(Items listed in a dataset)
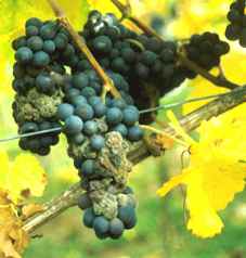 Der Botrytisbefall der einzelnen Klone wurde zum jeweiligen Lesezeitpunkt visuell bonitiert. Es zeigt sich deutlich, dass die Trauben der lockerbeerigen Klone auch zum späteren Lesezeitpunkt aufgrund ihrer besonderen Traubenbeschaffenheit kaum vom Botrytis-Pilz befallen waren (Abb. 5). Bild 1 zeigt die botrytisbefallenen Trauben des Klon Pinot 114, Bild 2 die gesunden Trauben des Klon We M 1 zum selben Zeitpunkt am16.Oktober 1996.
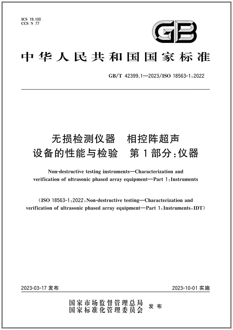 2023无损检测仪器 42399.1 相控阵超声设备 性能与检验 是图书 第1部分:仪器
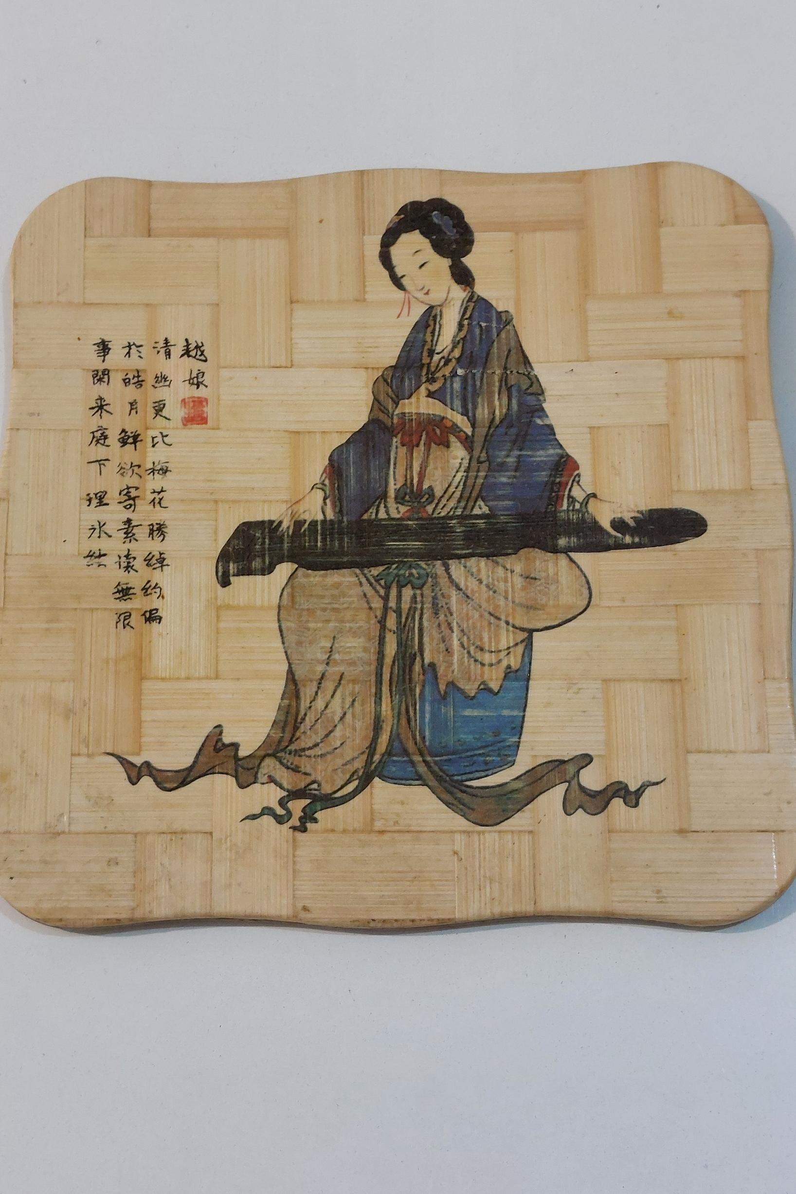 نقشی از بانوی ژاپنی بر روی چوب بامبو
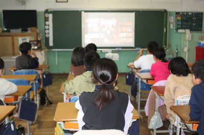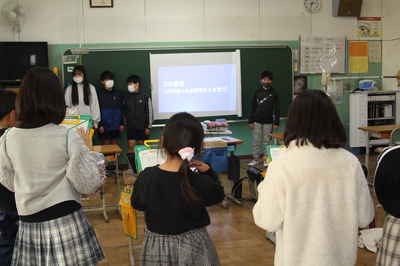 全校で「どうしたら、相手に伝わりやすいスライドが作れるか」について考えました。スライドは一目でわかるように作ることが大切であることに気付き、「これからは、短い言葉で表そう。」と発言していました。情報を選び活用する力が育成されています。
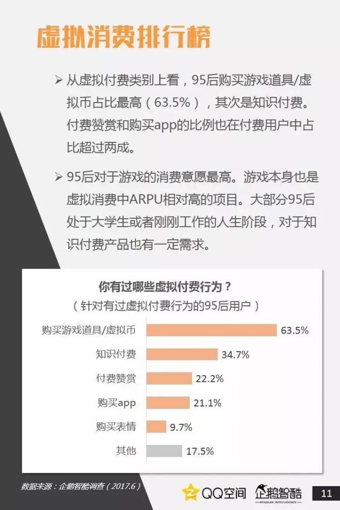 针对虚拟付费这一块,对于95后的年轻群体来说,是一件再正常不过的事情了,加强互联网支付的快速发展,线上消费的门槛不断降低,95后的付费人群比例相当的高。其中游戏类虚拟道具的消费占比高达63.5%,即使当下中国互联网的人口红利已经消失,但消费升级带来的市场红利还是可以支持游戏行业持续快速发展的。
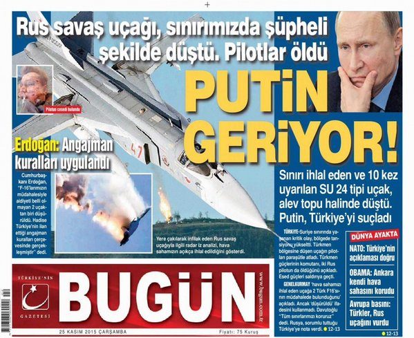 Haberde, “Rus Savaş uçağının Türkiye tarafından vurulmasıyla başlayan gerilim, yapılan sağduyulu açıklamalarla normalleşme sürecine girdi” ifadeleri yer aldı. Ancak aynı gazete bir gün önce sert bir manşet atmış, “Putin geriyor” başlıklı haberinde “Sınırı ihlal eden ve 10 kez uyarılan SU 24 tipi uçak, alev topu halinde düştü. Putin Türkiye’yi suçladı” ifadelerine yer vermişti.

▶ [Work instruction]:
The lines to retype run from the one containing "نقشی از بانوی ژاپنی بر روی چوب بامبو" through the last line of the records above; write them exactly and skip the pictures.

▶ [Result for this exercise]:
 نقشی از بانوی ژاپنی بر روی چوب بامبو
 全校で「どうしたら、相手に伝わりやすいスライドが作れるか」について考えました。スライドは一目でわかるように作ることが大切であることに気付き、「これからは、短い言葉で表そう。」と発言していました。情報を選び活用する力が育成されています。
 针对虚拟付费这一块,对于95后的年轻群体来说,是一件再正常不过的事情了,加强互联网支付的快速发展,线上消费的门槛不断降低,95后的付费人群比例相当的高。其中游戏类虚拟道具的消费占比高达63.5%,即使当下中国互联网的人口红利已经消失,但消费升级带来的市场红利还是可以支持游戏行业持续快速发展的。
 Haberde, “Rus Savaş uçağının Türkiye tarafından vurulmasıyla başlayan gerilim, yapılan sağduyulu açıklamalarla normalleşme sürecine girdi” ifadeleri yer aldı. Ancak aynı gazete bir gün önce sert bir manşet atmış, “Putin geriyor” başlıklı haberinde “Sınırı ihlal eden ve 10 kez uyarılan SU 24 tipi uçak, alev topu halinde düştü. Putin Türkiye’yi suçladı” ifadelerine yer vermişti.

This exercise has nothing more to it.